* DIRECTIONS FOR THIS TASK
The answer should consist of all the entries, repeated word for word.

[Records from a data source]
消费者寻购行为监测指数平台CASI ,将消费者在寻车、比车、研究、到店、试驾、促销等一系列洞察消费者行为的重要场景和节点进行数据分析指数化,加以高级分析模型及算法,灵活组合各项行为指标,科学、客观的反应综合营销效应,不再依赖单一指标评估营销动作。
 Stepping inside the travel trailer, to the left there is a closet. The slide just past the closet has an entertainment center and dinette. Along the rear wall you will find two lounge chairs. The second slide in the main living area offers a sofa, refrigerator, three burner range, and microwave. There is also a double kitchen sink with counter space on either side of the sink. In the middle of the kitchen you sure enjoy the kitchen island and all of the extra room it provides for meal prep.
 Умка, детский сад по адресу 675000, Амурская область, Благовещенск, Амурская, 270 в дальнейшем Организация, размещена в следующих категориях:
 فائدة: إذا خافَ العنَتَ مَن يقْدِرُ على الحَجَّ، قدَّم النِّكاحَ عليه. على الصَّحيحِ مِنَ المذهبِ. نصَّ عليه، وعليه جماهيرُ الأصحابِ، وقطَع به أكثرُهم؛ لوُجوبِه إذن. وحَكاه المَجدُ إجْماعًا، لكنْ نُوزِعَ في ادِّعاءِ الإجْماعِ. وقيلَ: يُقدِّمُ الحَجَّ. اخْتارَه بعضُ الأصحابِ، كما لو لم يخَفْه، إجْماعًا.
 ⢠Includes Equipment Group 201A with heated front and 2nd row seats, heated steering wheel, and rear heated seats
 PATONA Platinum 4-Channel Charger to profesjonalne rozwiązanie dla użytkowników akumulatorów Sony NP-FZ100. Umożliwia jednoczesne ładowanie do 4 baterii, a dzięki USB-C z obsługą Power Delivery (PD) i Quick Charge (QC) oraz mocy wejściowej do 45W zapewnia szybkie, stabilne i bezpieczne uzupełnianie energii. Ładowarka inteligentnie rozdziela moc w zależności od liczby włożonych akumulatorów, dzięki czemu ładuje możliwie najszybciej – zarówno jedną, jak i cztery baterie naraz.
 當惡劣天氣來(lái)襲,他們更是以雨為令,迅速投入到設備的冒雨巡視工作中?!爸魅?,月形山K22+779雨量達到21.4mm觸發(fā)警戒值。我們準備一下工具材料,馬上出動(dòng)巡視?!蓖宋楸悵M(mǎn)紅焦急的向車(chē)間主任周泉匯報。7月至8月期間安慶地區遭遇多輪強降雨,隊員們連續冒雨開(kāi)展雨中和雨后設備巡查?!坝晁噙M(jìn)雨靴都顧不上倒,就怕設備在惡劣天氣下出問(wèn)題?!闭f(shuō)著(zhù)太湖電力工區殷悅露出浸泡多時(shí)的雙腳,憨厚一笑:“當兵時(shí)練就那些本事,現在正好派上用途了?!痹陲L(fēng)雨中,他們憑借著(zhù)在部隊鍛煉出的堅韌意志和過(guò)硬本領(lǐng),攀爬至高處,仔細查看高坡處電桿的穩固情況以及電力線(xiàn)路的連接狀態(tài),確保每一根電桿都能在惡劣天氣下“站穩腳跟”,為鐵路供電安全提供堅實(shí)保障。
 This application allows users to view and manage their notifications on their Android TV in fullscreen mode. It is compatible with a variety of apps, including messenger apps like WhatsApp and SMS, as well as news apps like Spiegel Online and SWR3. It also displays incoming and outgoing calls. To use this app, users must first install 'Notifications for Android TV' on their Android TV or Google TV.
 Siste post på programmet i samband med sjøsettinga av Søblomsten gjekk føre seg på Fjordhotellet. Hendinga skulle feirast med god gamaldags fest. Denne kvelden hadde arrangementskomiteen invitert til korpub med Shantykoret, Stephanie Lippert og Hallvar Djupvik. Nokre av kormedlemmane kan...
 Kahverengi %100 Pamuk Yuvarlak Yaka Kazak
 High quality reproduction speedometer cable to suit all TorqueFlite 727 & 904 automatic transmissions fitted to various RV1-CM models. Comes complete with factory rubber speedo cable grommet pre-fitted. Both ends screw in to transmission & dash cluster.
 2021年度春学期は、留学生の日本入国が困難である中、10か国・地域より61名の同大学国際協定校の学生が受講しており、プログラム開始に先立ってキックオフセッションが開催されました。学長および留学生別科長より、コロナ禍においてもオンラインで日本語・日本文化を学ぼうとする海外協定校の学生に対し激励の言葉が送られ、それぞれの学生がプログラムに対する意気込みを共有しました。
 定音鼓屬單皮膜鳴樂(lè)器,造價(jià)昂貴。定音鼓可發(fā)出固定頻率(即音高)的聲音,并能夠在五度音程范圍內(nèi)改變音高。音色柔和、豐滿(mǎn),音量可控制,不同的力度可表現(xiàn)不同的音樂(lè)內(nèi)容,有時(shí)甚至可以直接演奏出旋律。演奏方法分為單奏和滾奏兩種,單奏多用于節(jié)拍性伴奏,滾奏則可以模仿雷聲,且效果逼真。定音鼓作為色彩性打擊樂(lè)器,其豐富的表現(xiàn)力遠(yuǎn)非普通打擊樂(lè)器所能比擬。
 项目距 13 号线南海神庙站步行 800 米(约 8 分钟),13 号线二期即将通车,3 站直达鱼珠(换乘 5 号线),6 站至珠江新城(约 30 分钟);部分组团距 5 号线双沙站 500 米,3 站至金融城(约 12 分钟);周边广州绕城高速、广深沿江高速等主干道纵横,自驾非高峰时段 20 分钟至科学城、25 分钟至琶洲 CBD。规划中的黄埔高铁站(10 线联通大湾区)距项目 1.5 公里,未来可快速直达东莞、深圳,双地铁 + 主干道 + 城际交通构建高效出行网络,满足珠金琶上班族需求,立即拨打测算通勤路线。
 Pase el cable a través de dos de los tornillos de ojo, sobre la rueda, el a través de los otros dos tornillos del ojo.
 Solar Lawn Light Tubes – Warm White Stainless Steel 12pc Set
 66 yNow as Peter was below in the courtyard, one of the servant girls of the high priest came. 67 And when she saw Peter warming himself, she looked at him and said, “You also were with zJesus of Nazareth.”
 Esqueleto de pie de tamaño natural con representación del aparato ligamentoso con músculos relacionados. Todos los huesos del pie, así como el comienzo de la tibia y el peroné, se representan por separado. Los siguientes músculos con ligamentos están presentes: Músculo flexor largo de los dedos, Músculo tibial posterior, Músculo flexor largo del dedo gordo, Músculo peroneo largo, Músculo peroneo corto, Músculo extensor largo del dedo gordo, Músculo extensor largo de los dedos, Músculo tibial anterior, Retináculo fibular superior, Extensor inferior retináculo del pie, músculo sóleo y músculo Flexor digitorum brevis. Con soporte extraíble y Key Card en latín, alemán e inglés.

* ANSWER TO THIS PROBLEM
消费者寻购行为监测指数平台CASI ,将消费者在寻车、比车、研究、到店、试驾、促销等一系列洞察消费者行为的重要场景和节点进行数据分析指数化,加以高级分析模型及算法,灵活组合各项行为指标,科学、客观的反应综合营销效应,不再依赖单一指标评估营销动作。
 Stepping inside the travel trailer, to the left there is a closet. The slide just past the closet has an entertainment center and dinette. Along the rear wall you will find two lounge chairs. The second slide in the main living area offers a sofa, refrigerator, three burner range, and microwave. There is also a double kitchen sink with counter space on either side of the sink. In the middle of the kitchen you sure enjoy the kitchen island and all of the extra room it provides for meal prep.
 Умка, детский сад по адресу 675000, Амурская область, Благовещенск, Амурская, 270 в дальнейшем Организация, размещена в следующих категориях:
 فائدة: إذا خافَ العنَتَ مَن يقْدِرُ على الحَجَّ، قدَّم النِّكاحَ عليه. على الصَّحيحِ مِنَ المذهبِ. نصَّ عليه، وعليه جماهيرُ الأصحابِ، وقطَع به أكثرُهم؛ لوُجوبِه إذن. وحَكاه المَجدُ إجْماعًا، لكنْ نُوزِعَ في ادِّعاءِ الإجْماعِ. وقيلَ: يُقدِّمُ الحَجَّ. اخْتارَه بعضُ الأصحابِ، كما لو لم يخَفْه، إجْماعًا.
 ⢠Includes Equipment Group 201A with heated front and 2nd row seats, heated steering wheel, and rear heated seats
 PATONA Platinum 4-Channel Charger to profesjonalne rozwiązanie dla użytkowników akumulatorów Sony NP-FZ100. Umożliwia jednoczesne ładowanie do 4 baterii, a dzięki USB-C z obsługą Power Delivery (PD) i Quick Charge (QC) oraz mocy wejściowej do 45W zapewnia szybkie, stabilne i bezpieczne uzupełnianie energii. Ładowarka inteligentnie rozdziela moc w zależności od liczby włożonych akumulatorów, dzięki czemu ładuje możliwie najszybciej – zarówno jedną, jak i cztery baterie naraz.
 當惡劣天氣來(lái)襲,他們更是以雨為令,迅速投入到設備的冒雨巡視工作中?!爸魅?,月形山K22+779雨量達到21.4mm觸發(fā)警戒值。我們準備一下工具材料,馬上出動(dòng)巡視?!蓖宋楸悵M(mǎn)紅焦急的向車(chē)間主任周泉匯報。7月至8月期間安慶地區遭遇多輪強降雨,隊員們連續冒雨開(kāi)展雨中和雨后設備巡查?!坝晁噙M(jìn)雨靴都顧不上倒,就怕設備在惡劣天氣下出問(wèn)題?!闭f(shuō)著(zhù)太湖電力工區殷悅露出浸泡多時(shí)的雙腳,憨厚一笑:“當兵時(shí)練就那些本事,現在正好派上用途了?!痹陲L(fēng)雨中,他們憑借著(zhù)在部隊鍛煉出的堅韌意志和過(guò)硬本領(lǐng),攀爬至高處,仔細查看高坡處電桿的穩固情況以及電力線(xiàn)路的連接狀態(tài),確保每一根電桿都能在惡劣天氣下“站穩腳跟”,為鐵路供電安全提供堅實(shí)保障。
 This application allows users to view and manage their notifications on their Android TV in fullscreen mode. It is compatible with a variety of apps, including messenger apps like WhatsApp and SMS, as well as news apps like Spiegel Online and SWR3. It also displays incoming and outgoing calls. To use this app, users must first install 'Notifications for Android TV' on their Android TV or Google TV.
 Siste post på programmet i samband med sjøsettinga av Søblomsten gjekk føre seg på Fjordhotellet. Hendinga skulle feirast med god gamaldags fest. Denne kvelden hadde arrangementskomiteen invitert til korpub med Shantykoret, Stephanie Lippert og Hallvar Djupvik. Nokre av kormedlemmane kan...
 Kahverengi %100 Pamuk Yuvarlak Yaka Kazak
 High quality reproduction speedometer cable to suit all TorqueFlite 727 & 904 automatic transmissions fitted to various RV1-CM models. Comes complete with factory rubber speedo cable grommet pre-fitted. Both ends screw in to transmission & dash cluster.
 2021年度春学期は、留学生の日本入国が困難である中、10か国・地域より61名の同大学国際協定校の学生が受講しており、プログラム開始に先立ってキックオフセッションが開催されました。学長および留学生別科長より、コロナ禍においてもオンラインで日本語・日本文化を学ぼうとする海外協定校の学生に対し激励の言葉が送られ、それぞれの学生がプログラムに対する意気込みを共有しました。
 定音鼓屬單皮膜鳴樂(lè)器,造價(jià)昂貴。定音鼓可發(fā)出固定頻率(即音高)的聲音,并能夠在五度音程范圍內(nèi)改變音高。音色柔和、豐滿(mǎn),音量可控制,不同的力度可表現(xiàn)不同的音樂(lè)內(nèi)容,有時(shí)甚至可以直接演奏出旋律。演奏方法分為單奏和滾奏兩種,單奏多用于節(jié)拍性伴奏,滾奏則可以模仿雷聲,且效果逼真。定音鼓作為色彩性打擊樂(lè)器,其豐富的表現(xiàn)力遠(yuǎn)非普通打擊樂(lè)器所能比擬。
 项目距 13 号线南海神庙站步行 800 米(约 8 分钟),13 号线二期即将通车,3 站直达鱼珠(换乘 5 号线),6 站至珠江新城(约 30 分钟);部分组团距 5 号线双沙站 500 米,3 站至金融城(约 12 分钟);周边广州绕城高速、广深沿江高速等主干道纵横,自驾非高峰时段 20 分钟至科学城、25 分钟至琶洲 CBD。规划中的黄埔高铁站(10 线联通大湾区)距项目 1.5 公里,未来可快速直达东莞、深圳,双地铁 + 主干道 + 城际交通构建高效出行网络,满足珠金琶上班族需求,立即拨打测算通勤路线。
 Pase el cable a través de dos de los tornillos de ojo, sobre la rueda, el a través de los otros dos tornillos del ojo.
 Solar Lawn Light Tubes – Warm White Stainless Steel 12pc Set
 66 yNow as Peter was below in the courtyard, one of the servant girls of the high priest came. 67 And when she saw Peter warming himself, she looked at him and said, “You also were with zJesus of Nazareth.”
 Esqueleto de pie de tamaño natural con representación del aparato ligamentoso con músculos relacionados. Todos los huesos del pie, así como el comienzo de la tibia y el peroné, se representan por separado. Los siguientes músculos con ligamentos están presentes: Músculo flexor largo de los dedos, Músculo tibial posterior, Músculo flexor largo del dedo gordo, Músculo peroneo largo, Músculo peroneo corto, Músculo extensor largo del dedo gordo, Músculo extensor largo de los dedos, Músculo tibial anterior, Retináculo fibular superior, Extensor inferior retináculo del pie, músculo sóleo y músculo Flexor digitorum brevis. Con soporte extraíble y Key Card en latín, alemán e inglés.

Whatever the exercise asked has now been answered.